# Porn is overtaking the DBS industry.



## Guest (Mar 22, 2003)

This is just my opinion but I think porn is or is about to overtake dbs ....

I suspect a hybrid sports/porno channel is on the horizon as well as a Classic Porn Channel and a Porno audio channel to be part of Music choice or Muzak.

I would not be surprised if New Frontier Media (Ten, Xtasy etc) put in a bid for D*TV or if Playboy made Charlie ERgen an offer he couldn't pass up.

At the rate all this is going the porn distributors/producers will end up controlling dbs outright .... porn will be offered as part of basic programming packages.

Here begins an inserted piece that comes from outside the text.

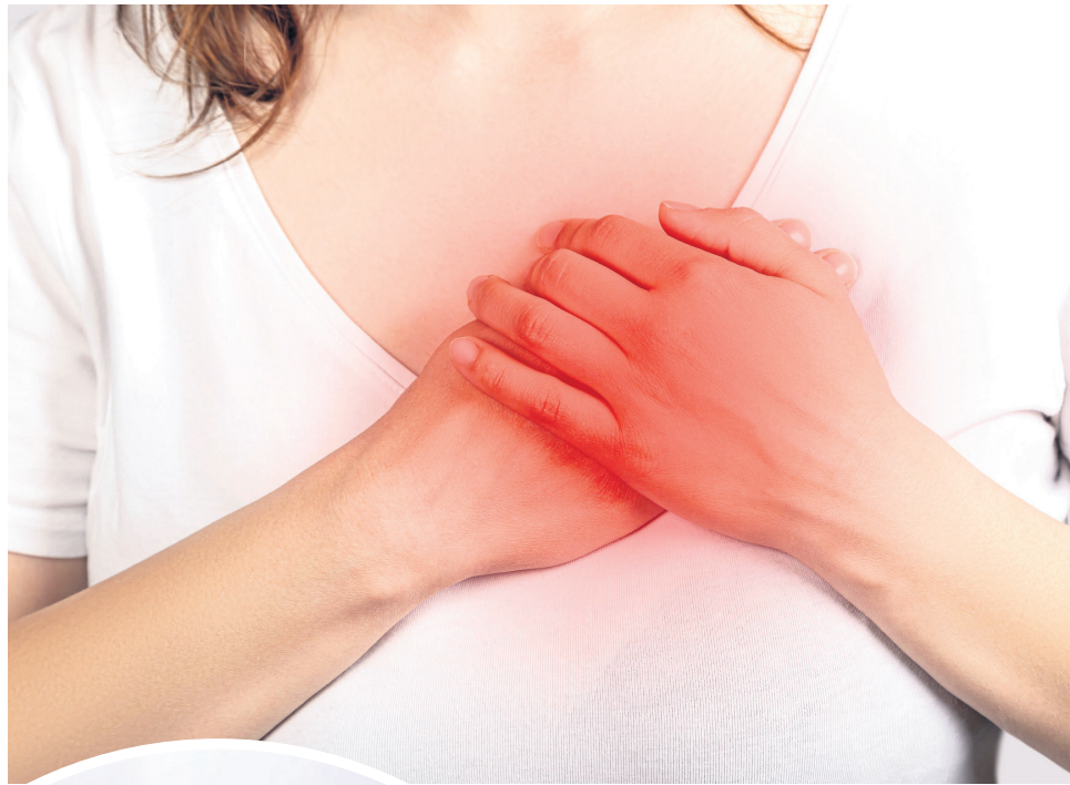
Los síntomas de las enfermedades cardiovasculares son variados.

This has got to be stopped ... the porn train must be derailed before humanity is destroyed.

Just my opinion


----------



## gcutler (Mar 23, 2002)

Please provide anything even remotely close to a valid statistic that even alludes to anything you are predicting??? * I Suspect* and * I would not be surprised* do not in any way prove your point.

And if you understood anything about what you are talking about you would know the porn producers don't want their stuff on basic cable, there is very little money to be made in basic cable, they make much more money having the a-la-carte channels. Why make at best $1-3 a month on basic when they can charge $9.99 per pay per view or $25-$30 month. You can't even get a monthly rate porn channels on D* except for Playboy since the producers want the $9.99/PPV instead of a flat monthly rate. A far cry from the Basic Cable flood you predict without any proof.

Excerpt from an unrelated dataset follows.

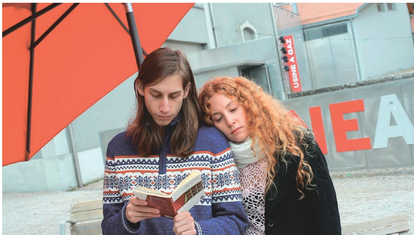
ADIEU AU LANGAGE de Jean-Luc Godard

IL N'A PAS FALLU ATTENDRE LA DÉCLARATION DU MAÎTRE POUR S'EN RENDRE COMPTE : À CANNES, CETTE ANNÉE, le plus vieux cinéaste de la compétition officielle proposait le film le plus jeune. Ce dernier commentait bien entendu la décision (inédite) du jury du Festival de Cannes d'accorder le Prix du jury conjointement au plus jeune et au plus vieux cinéaste de la compétition, décision charmante, un tantinet consensuelle certes, qui n'aura cependant pas manqué de susciter bien des réactions. L'une d'elle donc, celle de Jean-Luc Godard, qui avec sa liberté de parole désormais coutumière (et son goût immodéré pour les jeux de mots) disait : « Regardez ce prix donné à Cannes, à moi et à Xavier Dolan que je ne connais pas. Ils ont réuni un vieux metteur en scène qui fait un jeune film avec un jeune metteur en scène qui fait un film ancien. Il a même pris le format des films anciens. Au moins qu'on dise ça... » 1 . Il est à noter qu'il s'exprimait ainsi après avoir clairement dit qu'il aurait voulu voir le président français nommer Marine Le Pen premier ministre... « pour que les choses bougent un peu. »

How does the producer of one set of porn channels have enough money to purchase D* or E*. Plus they already have their channels airing on the systems, what benefit could they get from buying a DBS provider.

And the fact that there is the V chip in every reciever or Adult-Lock on Dish recievers makes your assumption even less valid.

Turn on any news channel you wish right now, seriously, there are alot more pressing issues going on than this fantasy you have just made up.


----------



## firephoto (Sep 12, 2002)

A porn muzak channel??? Background noise included? :lol:


----------



## Geronimo (Mar 23, 2002)

We are all entitled to our opinions. You ahve ststed before that you think you are too weak to resist the porn if it is there. Well perhaps. But there are many, many ways to keep it out of your home.

I don't order porn. I block it from my guide and I could care less about it. If my provider or the other one has recently added a porn channel I am not even aware of it. If others wish to watch it well that is their business. I don't want to control what enters their homes just as I am glad that no one controls what comes into mine.

I have the AT 150. The Supers, DC locals and HBO. Not a single channel is devorted to porn and I have lots of sports, movies, spiritual, and educational programming to choose from.

I don't think ANYONE should be forced to have porn in their homes. However if an adult chooses to have it there. Well it is their house.


----------



## Scott Greczkowski (Mar 21, 2002)

Porn is not evertaking the DBS industry, although it will always be there for both companies. Beleive it or not the pron channels help keep you bill down.

Mysefl, I am waiting for a HDTV Porn Channel


----------



## Mike123abc (Jul 19, 2002)

I have not seen any increase in the number of porn channels on DBS... The way you talk one would assume they are adding porn channels all the time. Except for the unexplained PPV porn charges some people have reported, I have not seen porn attack anyone.


----------



## gcutler (Mar 23, 2002)

> _Originally posted by Scott Greczkowski _
> *Mysefl, I am waiting for a HDTV Porn Channel  *


You'll change your mind the first time you see a HDTV airing of a Ron Jeremy scene.


----------



## Scott Greczkowski (Mar 21, 2002)

Gcutler, your right! I want no fat balding italian guys on my HD porn :lol:

You got to admit its a great way to sell HDTV's. (I can see it now... "Hey buddy, want to see how good HDTV really looks... look at this!") 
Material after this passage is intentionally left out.